CC effect. Has to be. I read this at work today. After work, I almost had to provide a jump for a coworker whose ’87 Corvette wouldn’t start. (It was not needed, he was able to get it started, security system – passkey precursor – was acting up.) Then, when I got home, I noticed that I’d left the passenger map light on in my Volvo. Since Sunday evening. And it was consequently hard to start, but it managed… Sounds like if I had only as much battery capacity as the TSX, 48 hours with the map light on would have more than drained it!
I have a car battery with maybe three months of use on it that I’m not using.

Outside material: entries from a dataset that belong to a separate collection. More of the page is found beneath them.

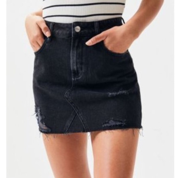PacSun Black Distressed Denim Mini Jean Skirt 27
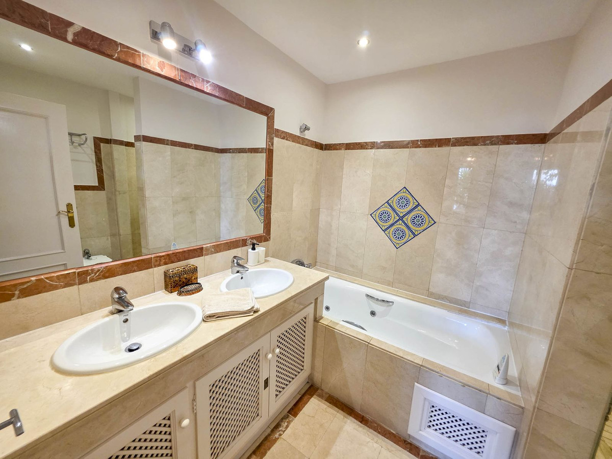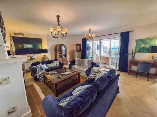 Enjoying an excellent beachfront location with direct access to the coastal path and Casares Beach, just minutes from the Finca CortesÃn Golf Course, one of the most prestigious golf courses in Spain, which has hosted numerous high-profile events, including the Volvo World Match Play Championship three times and the 2023 Solheim Cup. Just a 10-minute drive from Estepona and 4 minutes from San Luis de Sabinillas with its beautiful and picturesque Puerto de La Duquesa. Close to supermarkets, schools, and the new Estepona Hospital. This LARGE GROUND FLOOR APARTMENT WITH PRIVATE GARDEN AND SEA VIEWS has DIRECT ACCESS TO THE BEACH and is SOUTH FACING. The property boasts a spacious entrance hall leading to the spacious living-dining room with large windows that connect to the large covered terrace, which is enclosed by glass curtains and provides abundant natural light and beautiful views of the sea and the garden from inside the house. The open-plan kitchen is fully equipped and has a laundry room. These common areas have a guest toilet located next to the entrance of the house. The three bedrooms of the home are distributed from the living room area. The two guest bedrooms have large built-in wardrobes and large windows overlooking the beautiful communal gardens. Adjacent to them is a full bathroom with a bathtub and underfloor heating. The spacious master bedroom has a dressing area and an en-suite bathroom with a whirlpool bathtub, separate shower, double sinks, and underfloor heating. This bedroom also has direct access to the private terrace. The home enjoys beautiful and well-maintained common areas with several swimming pools and ideal gardens. GREAT OPPORTUNITY TO EXPERIENCE THE LUXURY OF HAVING YOUR HOME ON THE SHORES OF THE MEDITERRANEAN SEA!!
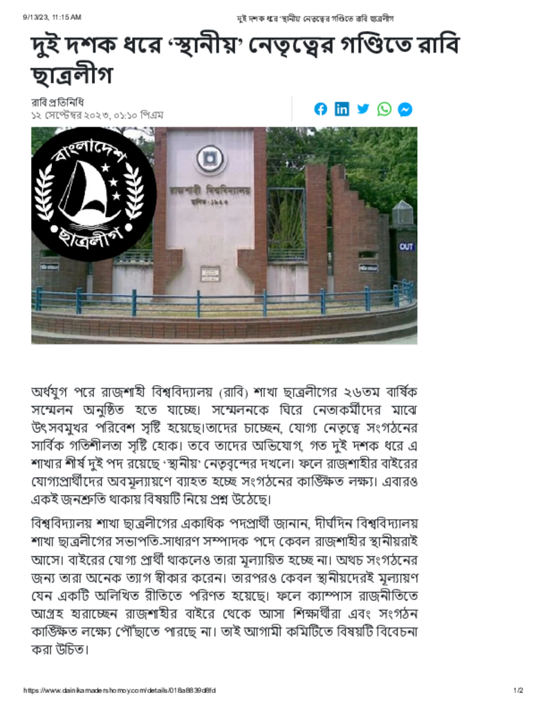 দুই দশক ধরে _‘স্থানীয়’ নেতৃত্বের গণ্ডিতে রাবি ছাত্রলীগ.pdf Published on 12 September 2023 Newspaper দৈনিক আমাদের সময় Category Student Politics General Education Download
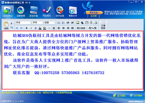 桔城seo伪原创工具官方版是一款用户界面直观清新,非常便捷易用的关键词优化和替换软件。适用范围广,功能强大。能够将文章中的词进行替换,使得伪原创后的文章不会出现僵硬的词汇,而且更贴近于搜索引擎收录和关键字排名。易于上手,十分实用和方便。
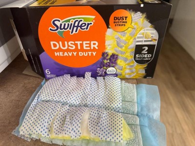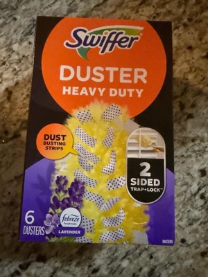 - EASY DUSTINGSwiffer Heavy Duty Dusters have NEW DUST-BUSTING STRIPS to break down layers of built-up dust, and specially coated fibers that reach deep into nooks and crannies to PICK UP 5X more dust than a feather duster*. *after 9 uses
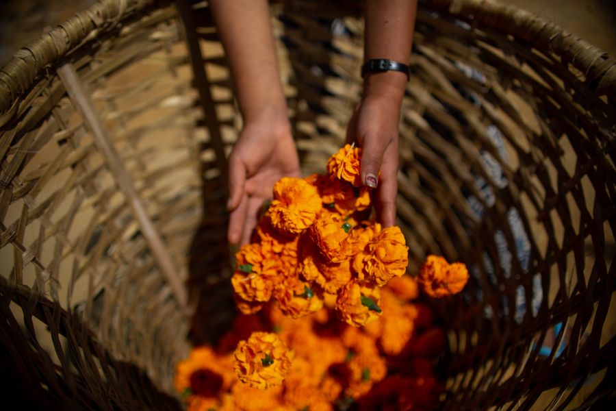 A Nepalese girl collects marigold flowers for the upcoming Tihar Festival in Kathmandu, Nepal, on Oct. 24, 2019. (Photo by Sulav Shrestha/Xinhua)
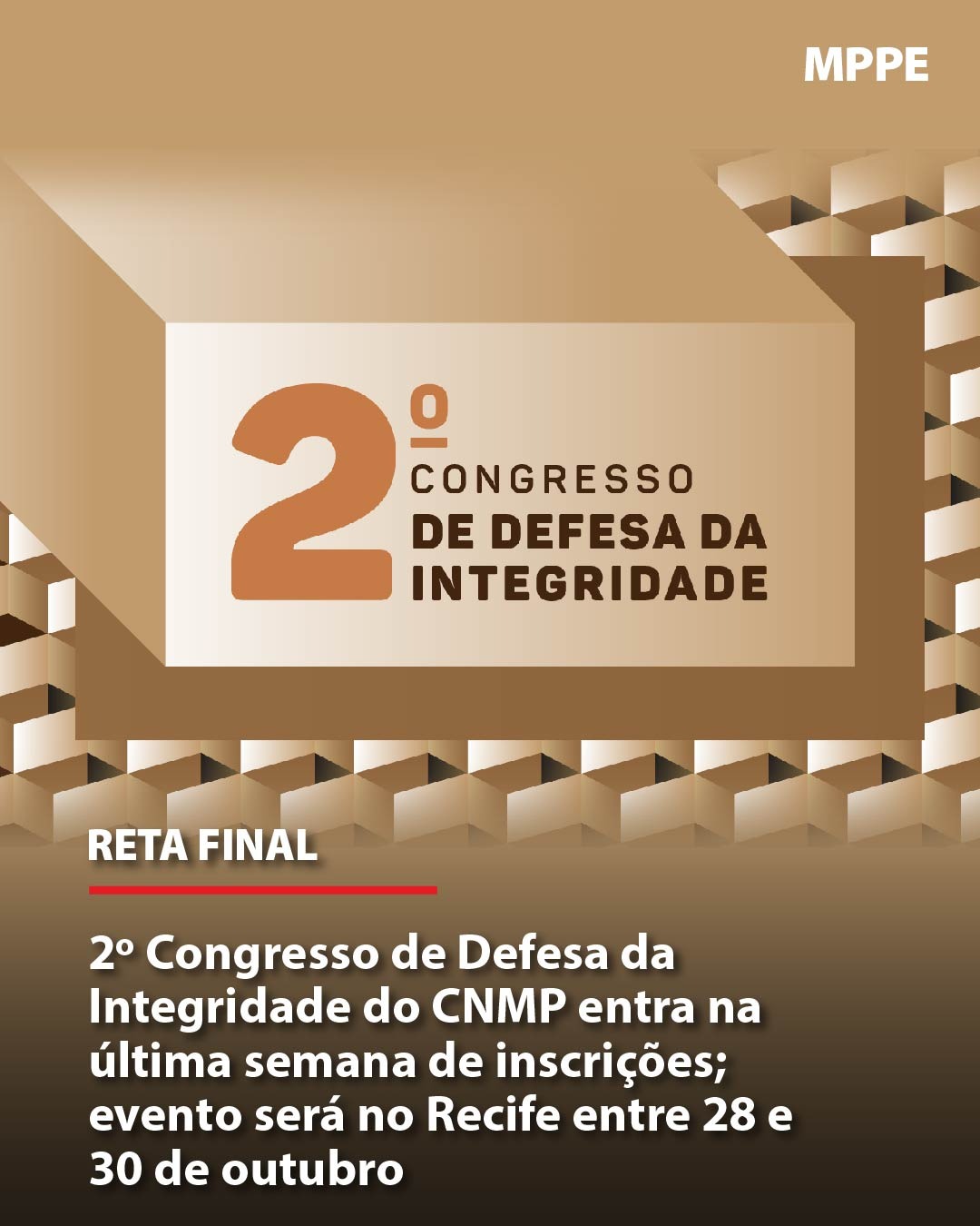 Inscrições abertas. Público: integrantes do MPPE.
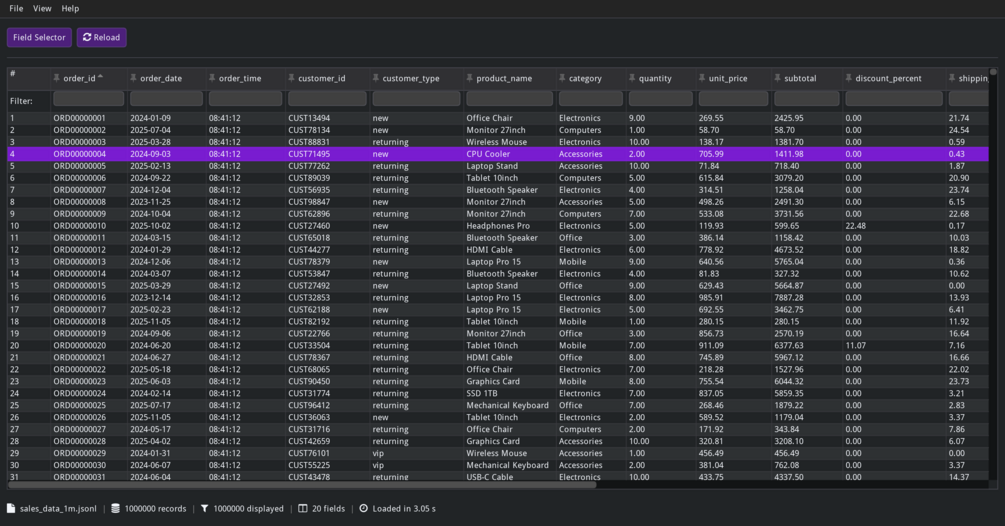 Lightning-fast JSONL viewer for Windows. Handle millions of rows, filter nested objects with dot notation, analyze logs instantly. Native app, not Electron.
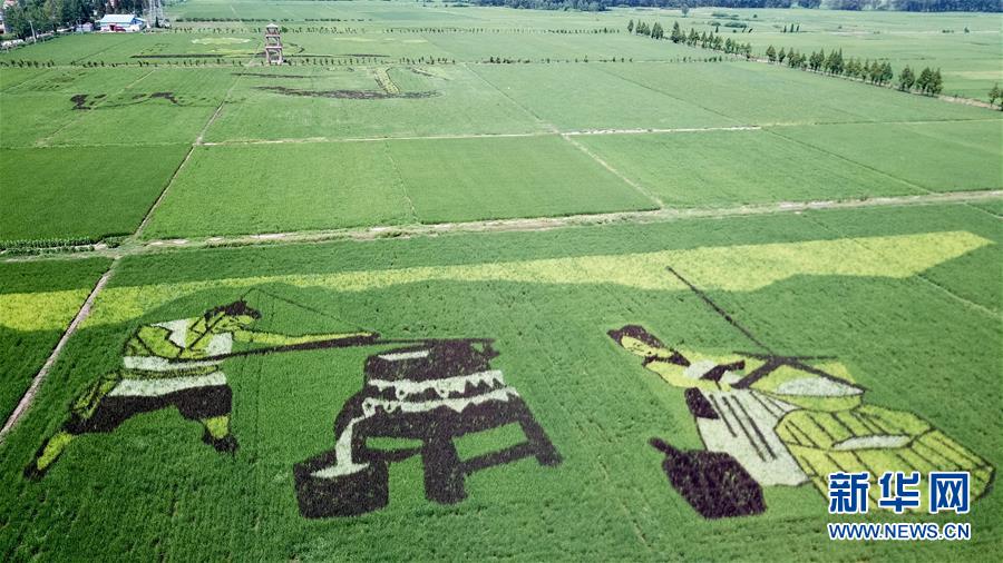 这是7月29日在安徽寿县安丰塘水库北堤拍摄的“稻田画”(无人机拍摄)。 新华社记者 张端 摄
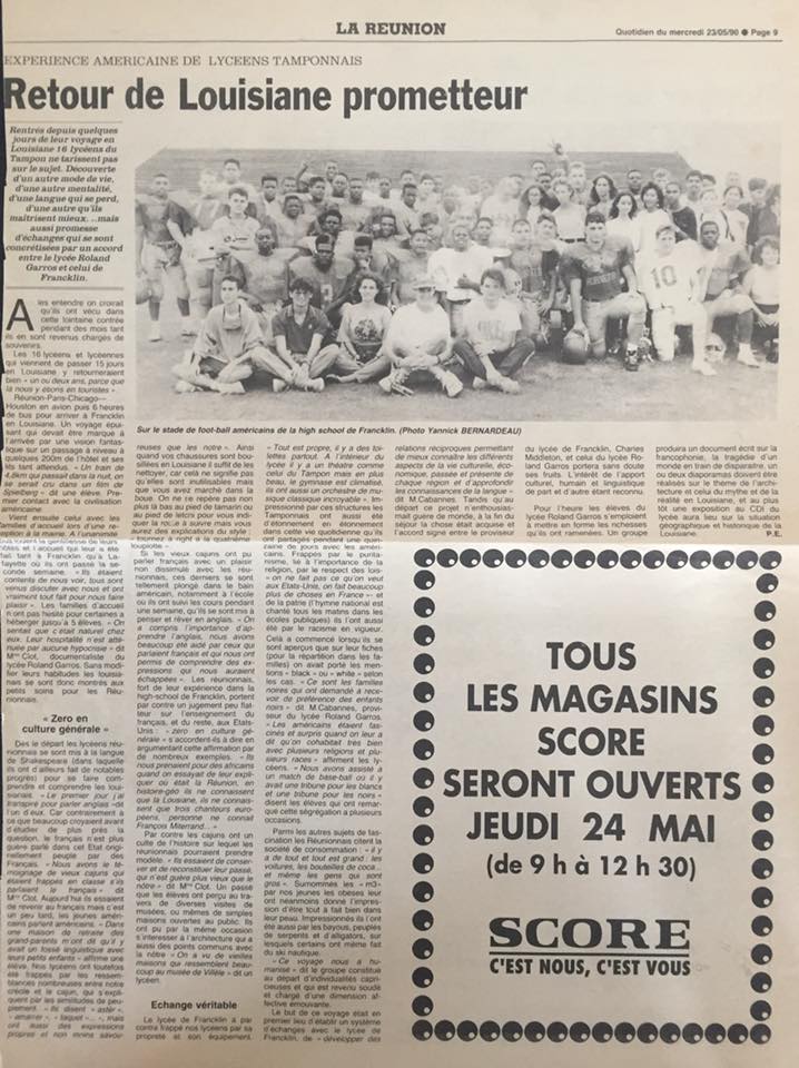 J’en ai profité pour verser aux archives du lycée un article du Quotidien de la Réunion daté du 23 mai 1990 relatant notre retrait d’un séjour en Louisiane dans le cadre d’un jumelage avec le lycée de Franklin près de Lafayette.
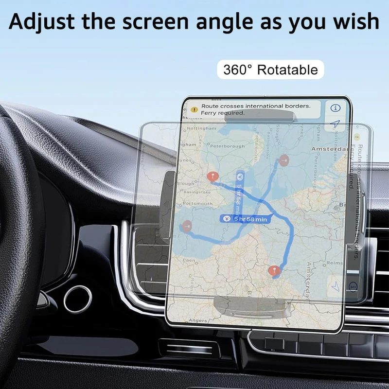 Flexible Adjustment The car phone/tablet holder features a 360º rotatable design, allowing you adjust devices between horizontal and vertical angles at will.
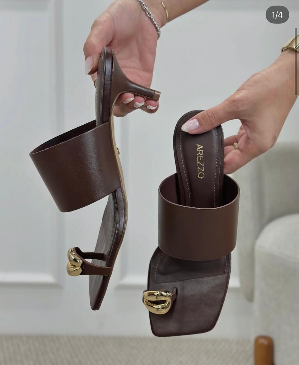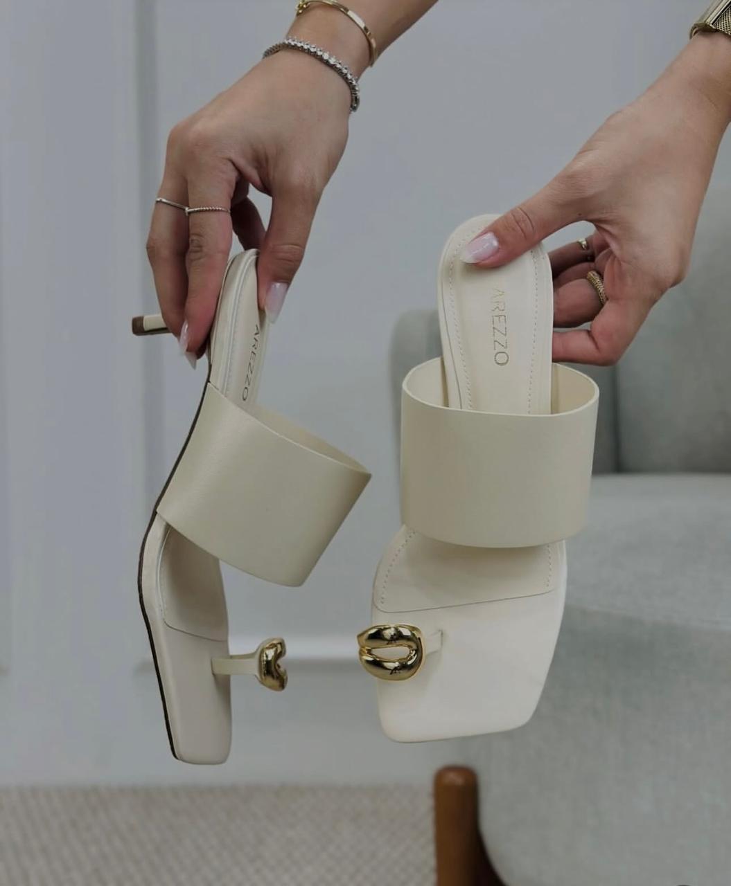 Sandália Branca Arezzo Couro Salto Fino Metal Bold
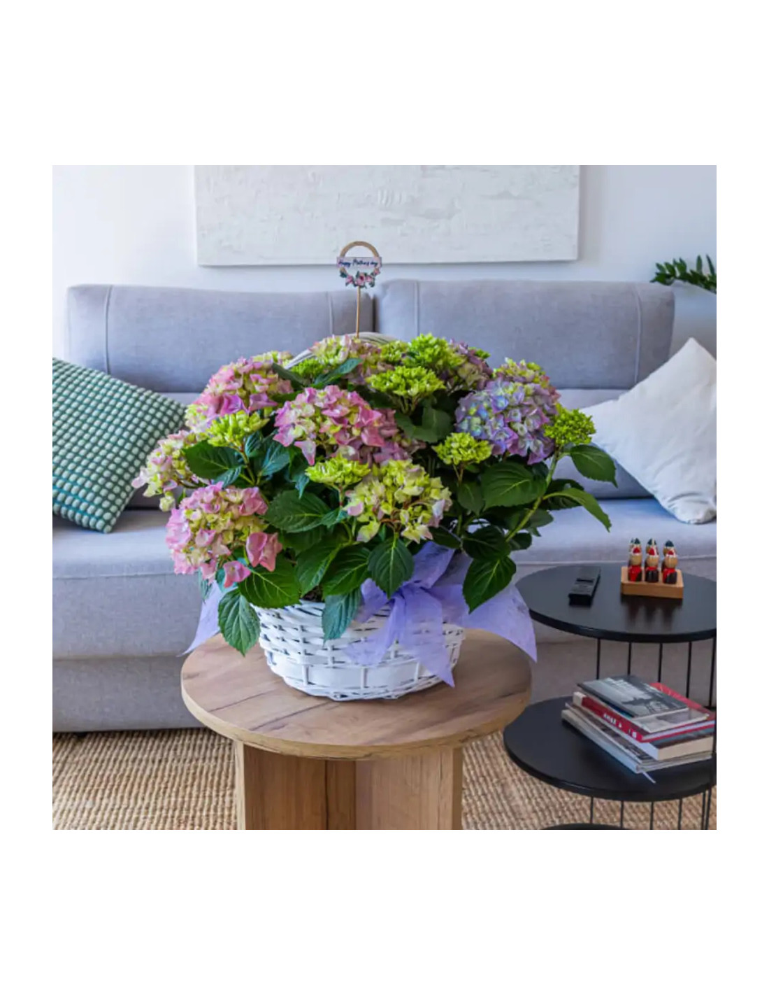 Embelleix casa teva o jardí amb la nostra exclusiva cistella de vímet, que conté exuberants plantes d'hortènsies. Aquesta combinació perfecta de rusticitat i sofisticació ofereix una decoració natural que perdura, brindant frescor i vitalitat a qualsevol espai
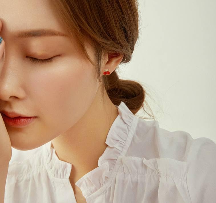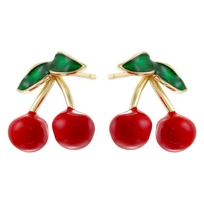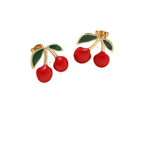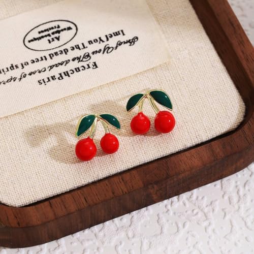 عام - Cute Cherry Stud Earrings for Women Girls – Red Enamel Fruit Earrings with Gold Tone and Green Leaf Design

Paul- you should read this thread – apparently some TSX batteries are bad, but dealers are testing them as good, unless pushed a bit as batteries are warranty items….
http://www.tsxclub.com/forums/2nd-gen-problems-fixes/45820-battery-wont-hold-charge.html
I like the suggestion of going to the dealership, turning on the headlights for three or four minutes and seeing what happens.
Thanks. I’m going to get it checked again. I strongly suspect it’s not good.
You got the car back with a fully-charged battery. No charge. Even a car wash. You’re happy.
The dealer is even happier. They didn’t have to give you a new battery. Or a charging system repair. Or whatever. What you did shouldn’t have stressed a good battery in a car with a good charging system to the point where it wouldn’t crank your engine.
“They had to jump it to get it started” when you bought the car? That sounds ominous.
The Service Adviser suggested…(that) one should never use Accessory to keep them on for any length of time”? That sounds like bullshit. Because if that is indeed true, the engineers and designers at Honda don’t know what they are doing; and that is unlikely. Except when they were designing the transmission in my brother’s Odyssey minivan, that is, which does suggest that it isn’t impossible.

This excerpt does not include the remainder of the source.